How can I set values at multiple memory locations, atomically?

Question

the CUDA Programming Guide said that any atomic operation can be implemented using atomicCAS(), and gives an example of atomic double add:

__device__ float single(double *address,double val)
{
unsigned long long int *address_as_ull =(unsigned long long int*)address;
unsigned long long int assumed;
unsigned long long int old = *address_as_ull;

do
{
    assumed = old;
    old = atomicCAS(address_as_ull,assumed,__double_as_longlong(val + __longlong_as_double(assumed)));
}while(assumed !=old);
   return __longlong_as_double(old);
}

now,I face the problem that:

I want to write a function that can operate two variables address atomically.

for example: atomic add about two variable

input

double *address_1, int *address_2
double val_1,int val_2

result

*address_1 = *address_1+val_1;
*address_2 = *address_2+val_2;

how can I deal with the problem? thanks.

What is wrong with calling the atomic addition function twice? From the description in your question, the two operations are independent. — talonmies, Jan 11 '19 at 07:52
here is an simple example, actually in this case do the operation twice is ok ~ but in my situation, i need the atomic function with two address. do you have any suggestion? thanks~ — Xu Hui, Jan 11 '19 at 08:00
I think using a structure to store the two variable may be help. you see the double is transfer into ull, but I have no idea how to deal with the unsigned long long int and structure. — Xu Hui, Jan 11 '19 at 08:07

einpoklum · Accepted Answer · 2019-01-18T13:37:27.347

In general, you cannot do this. The hardware does not support atomic changes to multiple locations in memory. While you can circumvent this if both variables are small enough to fit into the size of a single atomic operation - this approach will fail if you have more than 8 bytes overall. You will encounter the "too much milk" problem.

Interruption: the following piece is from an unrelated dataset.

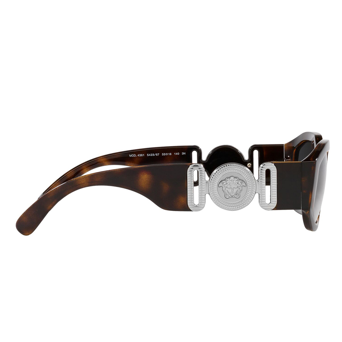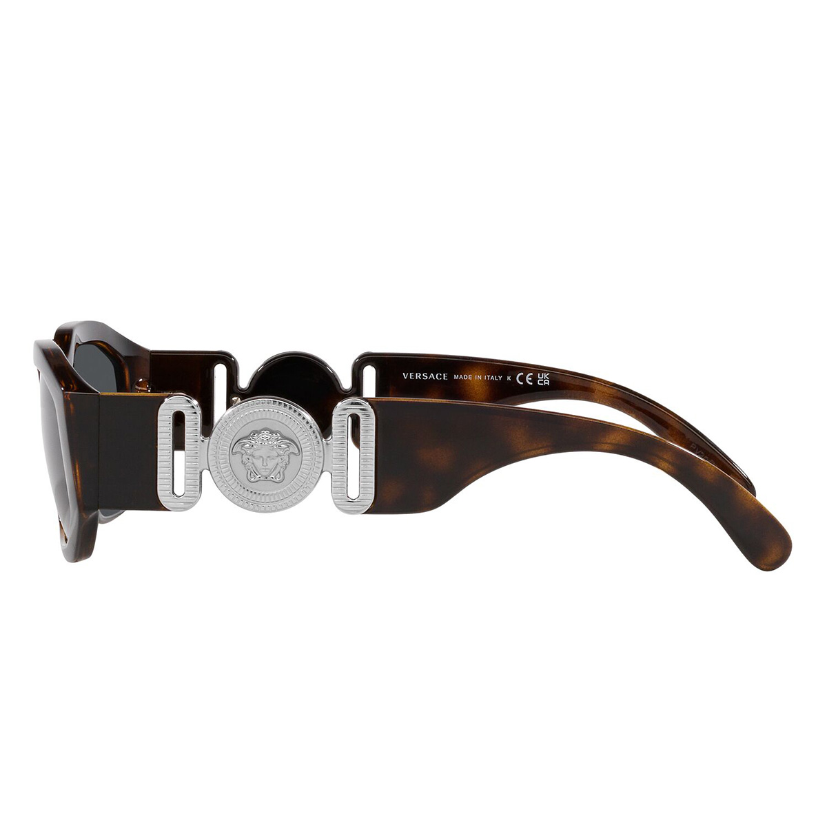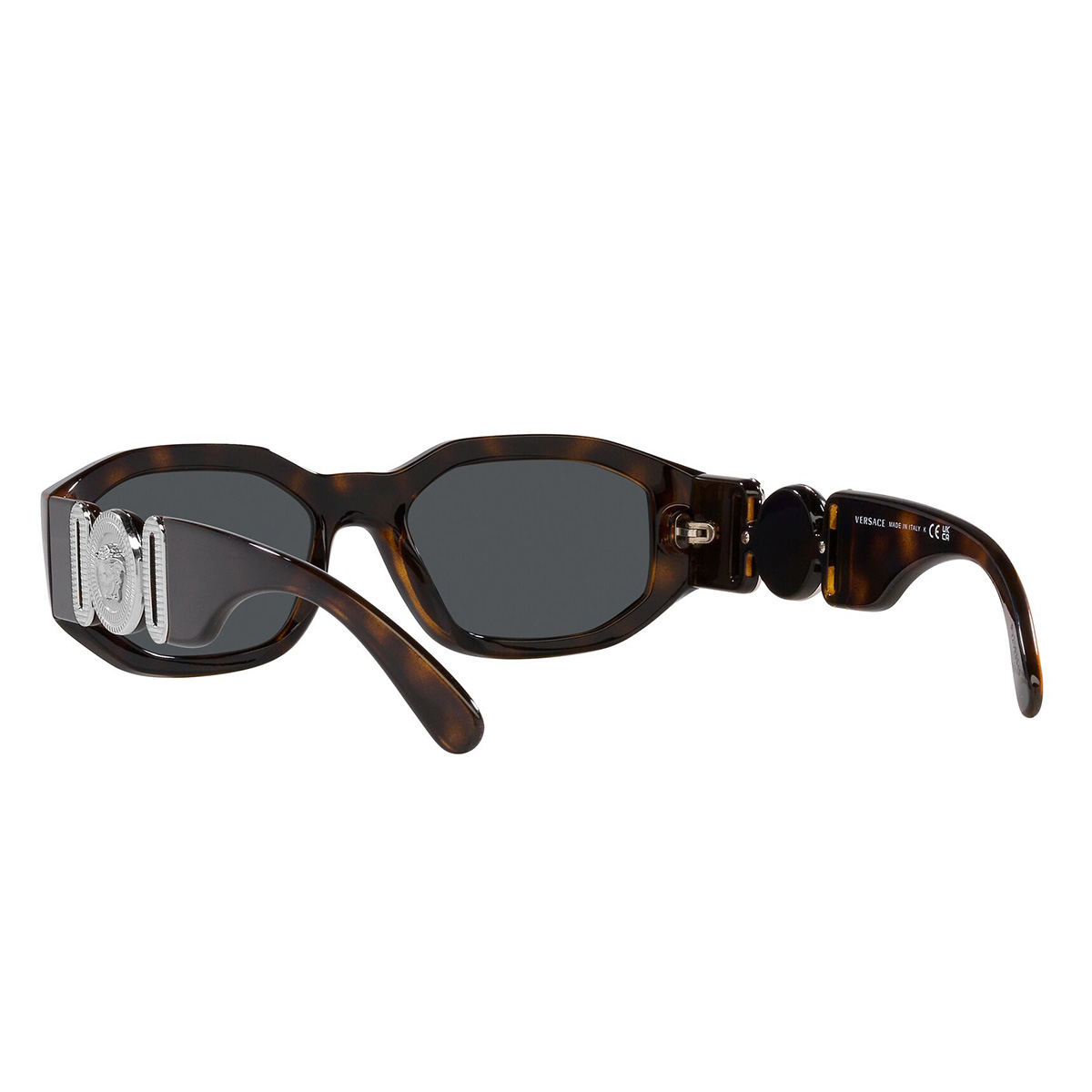 Le aste larghe, le lenti strette caratterizzate dalla forma audace e decorati dal classico medaglione medusa, rievocano lo stile sfarzoso dell'icona hip hop oltre a fornire una protezione elevata dai raggi UV.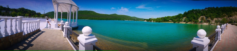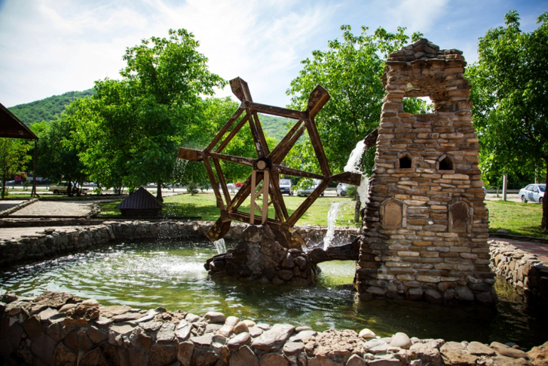 Обратную дорогу преодолели значительно быстрее. Поехали через Краснодар. По пути случайно попали в Горячий ключ :) Выполняли заказ дедушки по покупке разливного пива в ресторане "Старый замок", увидели красивый фонтанчик и мост, перешли его, а за деревьями оказался целый парк, который сразу не увидишь. Открытие вышло очень радостным))

One thing you could do is have some kind of synchronization protocol for accessing these two values. For example, you could use a mutex, which only one thread can obtain, to safely know that nobody else is changing the values while that thread is working on them. See: Avoid taking a long time to finish the 'too much milk' scenario.

Of course, this is quite expensive in a GPU setting. You had probably better do one of the following (by increasing order of favorability):

Use a pointer or an index into a larger array, and instead of changing the structure atomically, switch the pointer atomically. This resolves the concurrency issue, but makes accesses slower.
Change your algorithm so that accesses can be separated and don't have to happen atomically.
Change your algorithm further, to avoid having multiple threads writing to a single complex data structure.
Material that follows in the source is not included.